Knowledge management definitions.
Blogs - How we integrate blogs into people’s work lives and into the enterprise.
Classification - How we organize content through metadata once we’ve collected it.
Cleansing - Scrubbing undesirable information from documents before they are reused.
Collaboration - How to get people to work together efficiently on projects.
Communication - Ways in which messages pass from person to person and within groups.
Communities - All types of communities, whether they’re communities of practice, communities of interest, virtual or not.
Competitive intelligence – Basically, finding out what your competitors are doing.
Content management - How we manage all the electronic stuff that an enterprise produces.
Customer relationship management - How the people and processes in place to deal with customer relationships work (and how they can be improved).
Data mining - Finding useful patterns in heaps of data that can aid in decision-making.
Documentation - Clearly documenting processes for others.
Document management – Essentially, managing documents. It’s sometimes confusing as to where content, records and document management begin and end.
Expertise directories - Collections that describe what individuals know about a particular subject and to locate those individuals.
Feeds - Using RSS or other feed standards to deliver information to a reader.
Information architecture – How we structure information to achieve a goal, whether that’s findability, ease of access or another goal.
Information management - How we manage information from a broad strategic context down to individual documents and data.
Knowledge collection - How to collect the knowledge that people share.
Knowledge mapping - Also sometimes called a knowledge audit. It’s basically just figuring out where knowledge comes from and what its flow through the organization is.
Knowledge sharing - How we get people to share what they know.
Knowledge reuse - How we reuse what we or someone else already knows in a new, innovative way.
Metadata - The information about information that makes the latter findable.
Metrics - Tracking who access and uses what in order to better utilize and organize resources.
Narrative and storytelling - Using stories and narrative to convey lessons and experiences that improve business performance.
Network analysis - Determining not only what your current social network looks like, but also identifying the strong points and gaps that exist.
Outsourcing - Determining if there are less expensive and more effective locations or people to conduct knowledge work.
Portable information delivery - Delivering information, news or data to portable devices.
Portals - The aggregate place where we collect all the information that may be relevant to employees of an organization.
Search - This is really the technology that makes a search engine work, which also relates to findability and metadata.

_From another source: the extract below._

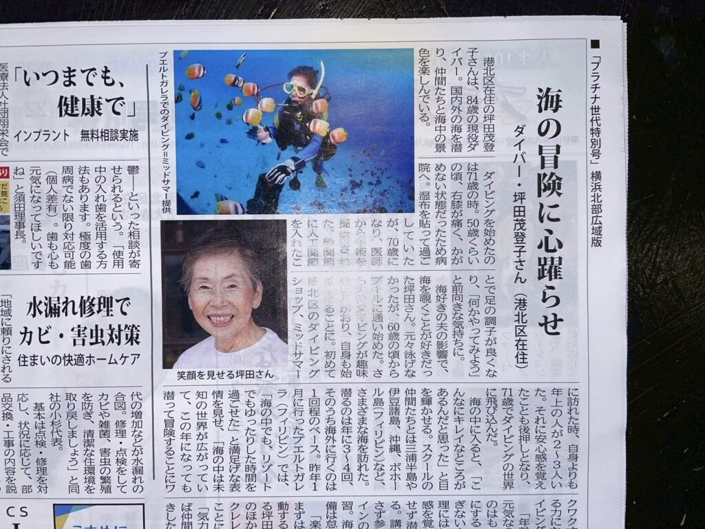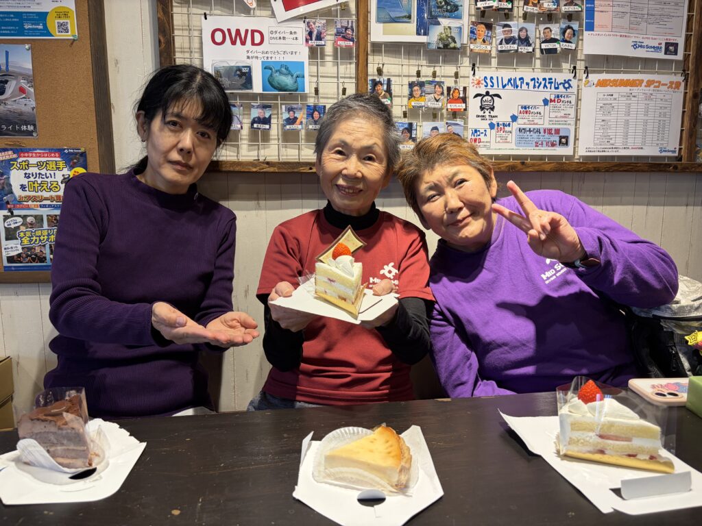 坪ちゃんHappyBirthday🎉✨️ 公開済み: 2025年12月3日更新: 2025年12月3日作成者: ミッドサマーカテゴリー: シニアダイバー楽楽会体験記, ミッドサマー日記, 頑張れシニアダイバー 本日はミッドNo.1の元気印‼️坪ちゃん85歳の誕生日でした‼️坪ちゃんおめでと〜💐 今日も元気に100トレでご来店。 ささやかなプレゼントですが、ケーキも一緒に食べました♪ 今年も元気に伊豆や本栖湖に潜り、 10月にはコモドドラゴンに会いたい!とコモドツアーで200本記念💪 更にはタウンニュースにまで載って、坪ちゃんから元気を貰った方たちが何人もミッドに足を運んでくれました☺️ 今年の最高殊勲選手といっても過言ではないでしょー🔥85歳も坪ちゃんスマイル全開でお願いしますね😆 共有:TwitterFacebookPocket 関連記事 ミッドの誇り! ミッドサマーは100歳現役ダイバー育成を目標💪 60歳以上27人 80歳以上6人が元気にダイビング楽しんでます! 80歳以上のダイバーが海に潜るのはアスリートが試合に臨むのと同じで日々の体力つくり、コンデ […] 共有:TwitterFacebookPocket 公開済み: 2022年8月14日更新: 2022年8月14日作成者: ミッドサマーカテゴリー: シニアダイバー楽楽会体験記, ミッドサマー日記, 頑張れシニアダイバー

Semantic web - The movement towards a natural language web where we can freely exchange data and knowledge using common easily-understood standards.
Succession planning - How we deal with people leaving the organization, and the knowledge that goes with them.
Taxonomy - A specific often-hierarchical way of organizing information.
Training - Making sure that people understand the processes and technologies that we implement.
Vocabularies - Determining a consistent, agreed-upon language for how we describe the business our organization does.
Wikis - How we use collaborative editing to solve business problems.